=== Section Start ===

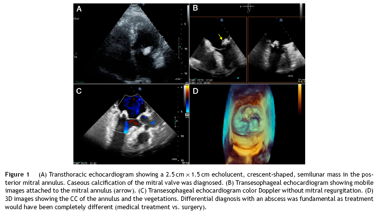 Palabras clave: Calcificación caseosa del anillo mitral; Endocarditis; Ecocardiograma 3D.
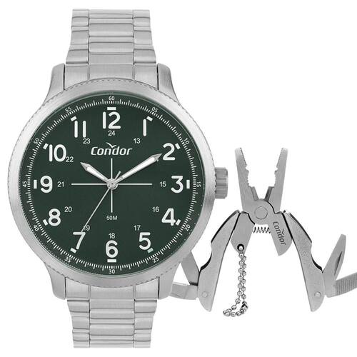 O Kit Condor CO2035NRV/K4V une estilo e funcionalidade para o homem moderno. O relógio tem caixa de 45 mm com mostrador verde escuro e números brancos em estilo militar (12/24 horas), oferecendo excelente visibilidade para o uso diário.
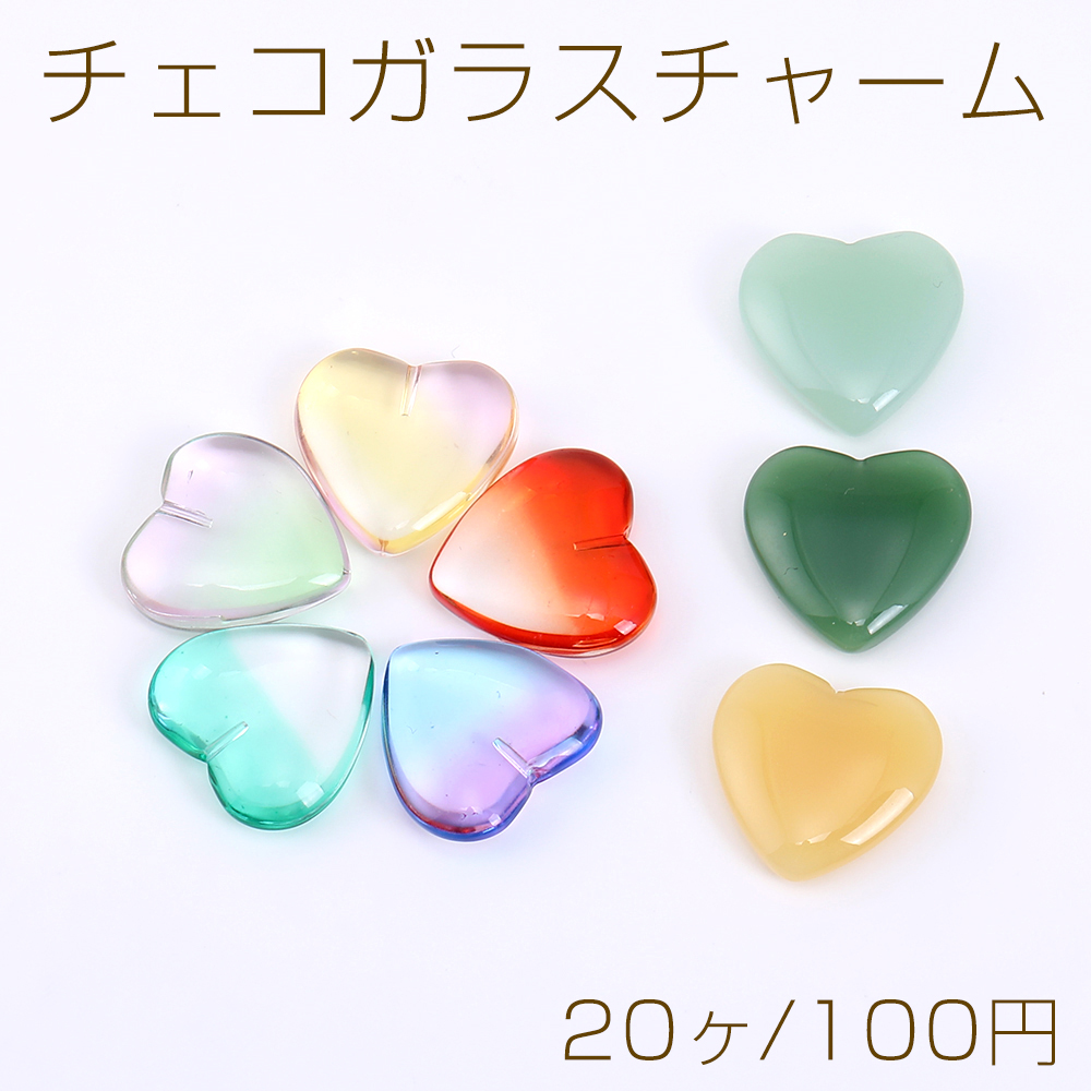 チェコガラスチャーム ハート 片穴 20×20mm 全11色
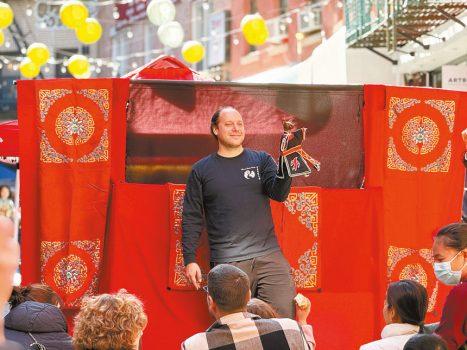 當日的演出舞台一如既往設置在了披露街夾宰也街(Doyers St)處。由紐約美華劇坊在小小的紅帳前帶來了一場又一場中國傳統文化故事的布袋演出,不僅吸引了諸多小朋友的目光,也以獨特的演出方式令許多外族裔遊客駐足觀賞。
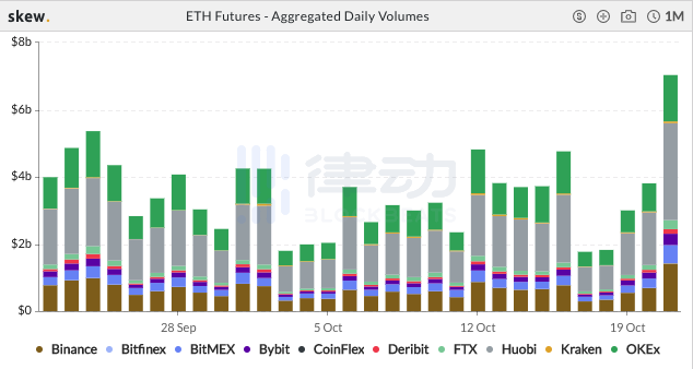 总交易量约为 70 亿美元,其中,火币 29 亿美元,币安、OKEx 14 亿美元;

=== Section End ===

## [WHAT YOU NEED TO DO]
Apart from the pictures, return the records exactly.

## [WRITTEN ANSWER]
 Palabras clave: Calcificación caseosa del anillo mitral; Endocarditis; Ecocardiograma 3D.
 O Kit Condor CO2035NRV/K4V une estilo e funcionalidade para o homem moderno. O relógio tem caixa de 45 mm com mostrador verde escuro e números brancos em estilo militar (12/24 horas), oferecendo excelente visibilidade para o uso diário.
 チェコガラスチャーム ハート 片穴 20×20mm 全11色
 當日的演出舞台一如既往設置在了披露街夾宰也街(Doyers St)處。由紐約美華劇坊在小小的紅帳前帶來了一場又一場中國傳統文化故事的布袋演出,不僅吸引了諸多小朋友的目光,也以獨特的演出方式令許多外族裔遊客駐足觀賞。
 总交易量约为 70 亿美元,其中,火币 29 亿美元,币安、OKEx 14 亿美元;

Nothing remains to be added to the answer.